Ларкин отступил этак на шаг-другой, головой качает насмешливо — дескать, шляпу только снять остается, какой молодец.
— Видал я богохульников, — говорит, — да еще каких, только с тобою им не тягаться. Ты всех своих друзей против себя настроил шуточками своими дурацкими, а теперь и Последнего, Который готов был прийти тебе на помощь, во врага обращаешь — Христа, Спасителя нашего.
Я промолчал. Мне одного хотелось — чтобы он убрался поскорее.
— Нет, ты скажи, у тебя в друзьях-то кто остался? — не унимается.
Подумал я, что Бен Шапиро, шафер мой, наверняка от меня бы не отступился, что бы ни произошло, — приехал бы сейчас на машине да к себе домой отвез. Только это я так, сентиментальным мечтаниям поддался. Бен много лет тому назад уехал в Израиль, и его убили на Шестидневной войне. Слышал, в его честь школа названа в Тель-Авиве.
— Ну, имя-то хоть одно назвать можешь? — все пристает ко мне Эмиль Ларкин.

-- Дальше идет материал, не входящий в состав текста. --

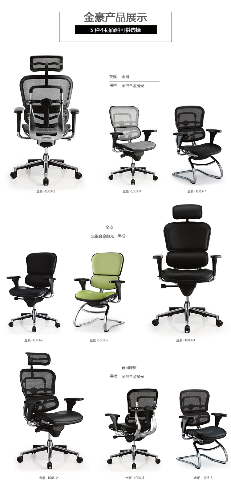 金豪系列采用完全性多功能调整设计,从头枕、椅背、扶手与座垫可进行全方位的调整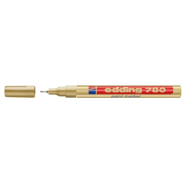 Edding 780-paint marker, permanent merkepenn har en tett lakkferniss og skriver jevnt på flere forskjellige overflater. Denne permanente merkepennen benytter hurtigtørkende blekk og er vann- og flekkbestandig, slik at du kan skrive tydelige og plettfrie linjer. Edding 780-merkepennenen har metallramme og en ekstra fin kulespiss med en strekbredde på 0,8 mm og passer utmerket til oppgaver som krever presis og nøyaktig skriving. Den kan skrive på nesten alle slags overflater og det spesielle blekket inneholder verken toluen eller xylen, noe som betyr at merkepennen ikke avgir ubehagelig lukt.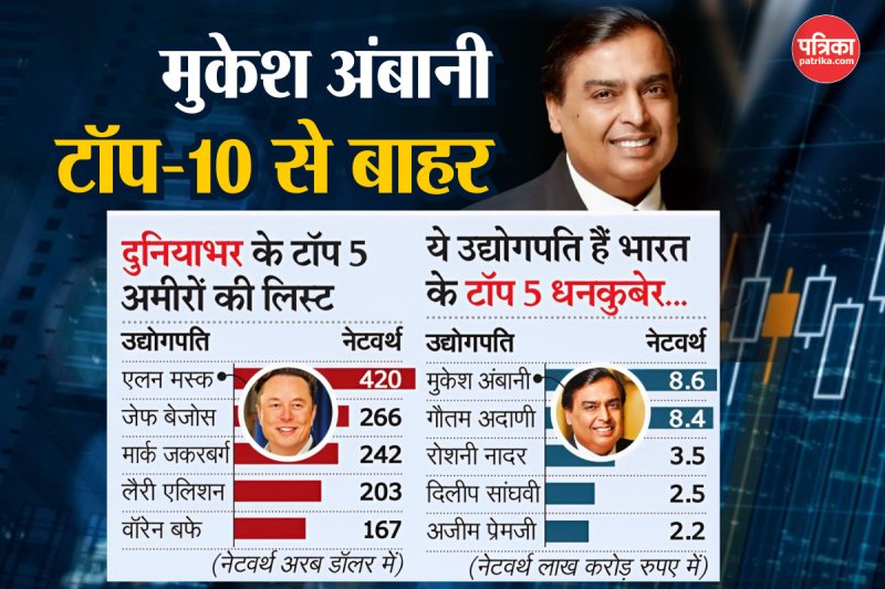 बता दें कि दुनिया के सबसे अमीरों की टॉप-10 की सूची में एक भी भारतीय का नाम नहीं है। इसकी वजह है कि अंबानी की नेटवर्थ में पिछले एक साल में कुल एक लाख करोड़ रुपये की कमी आई है। अब मुकेश अंबानी की नेटवर्थ 8.6 लाख करोड़ रुपये है। अंबानी पूरी दुनिया के अमीरों की लिस्ट में 18वें नंबर पर हैं। हालांकि वे अब भी भारत और एशिया के सबसे अमीर व्यक्ति है। दूसरे नंबर पर गौतम अडानी हैं जिनकी दौलत इस साल एक लाख करोड़ बढ़ी है।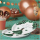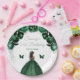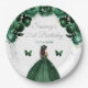 This elegant and glamourous birthday party plate features a beautiful princess with dark skin in a dark green ball gown. The text combines handwritten script and modern sans serif fonts for a classy and sophisticated look. The floral arrangements, butterfly and silver confetti create the perfect blend of rustic and chic.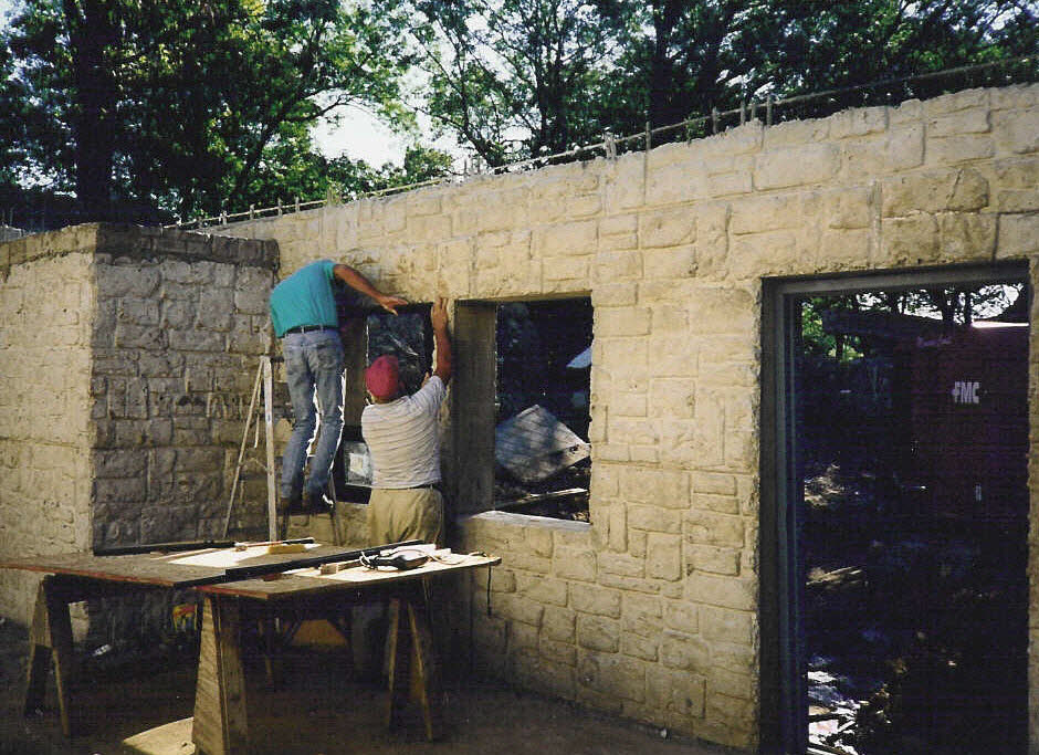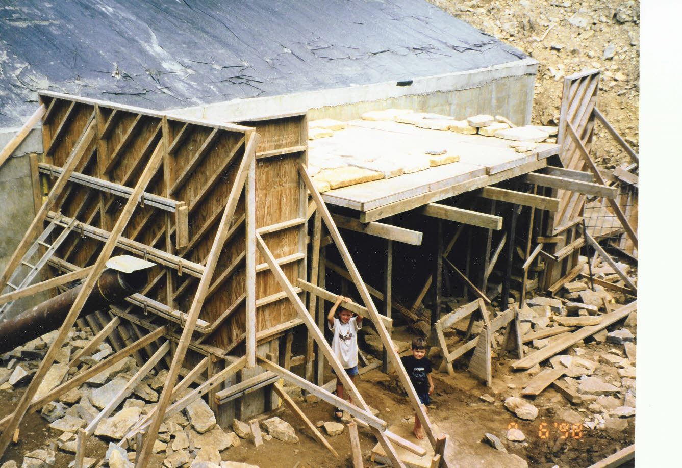 Work began on the limestone entrance arch. The pipe on the left of the photo enters the cave in a lower level wall and serves as a bat access. |

— Боб Фендер, — называю. Он в тюрьме у нас единственный, кому пожизненный срок дали, вообще единственный американец, которого посадили за государственную измену, когда шла война в Корее… Вообще-то его надо именовать доктор Фендер, потому что он ученый, ветеринар. Каптеркой он у нас заведует, откуда мне скоро принесут цивильную одежду. Там, в каптерке, всегда музыка слышна, позволили Фендеру крутить, сколько хочет, пластинки одной французской певицы, Эдит Пиаф зовут, он и крутит целый день. Еще он рассказы пишет, научную фантастику, и довольно известен, что ни год, с десяток-другой таких рассказов печатает за разными подписями — среди его псевдонимов Фрэнк Икс Барлоу и Килгор Траут.
— Боб Фендер, он каждому друг и никому, — Ларкин говорит.
— Ну, Клайд Картер мне друг.
— Я про тех, кто на воле, — поясняет Ларкин. — На воле-то есть кто, чтобы помочь тебе был готов? Видишь, никого. И сын твой собственный тоже помочь тебе не хочет.
— Посмотрим еще, — говорю.
— Ты куда отсюда, в Нью-Йорк? — спрашивает.
— Угу.
— А зачем в Нью-Йорк тебе?
— Люди там приветливые, — объясняю, — особенно к тем, у кого никаких нет знакомых, к иммигрантам нищим, из которых миллионеры получаются.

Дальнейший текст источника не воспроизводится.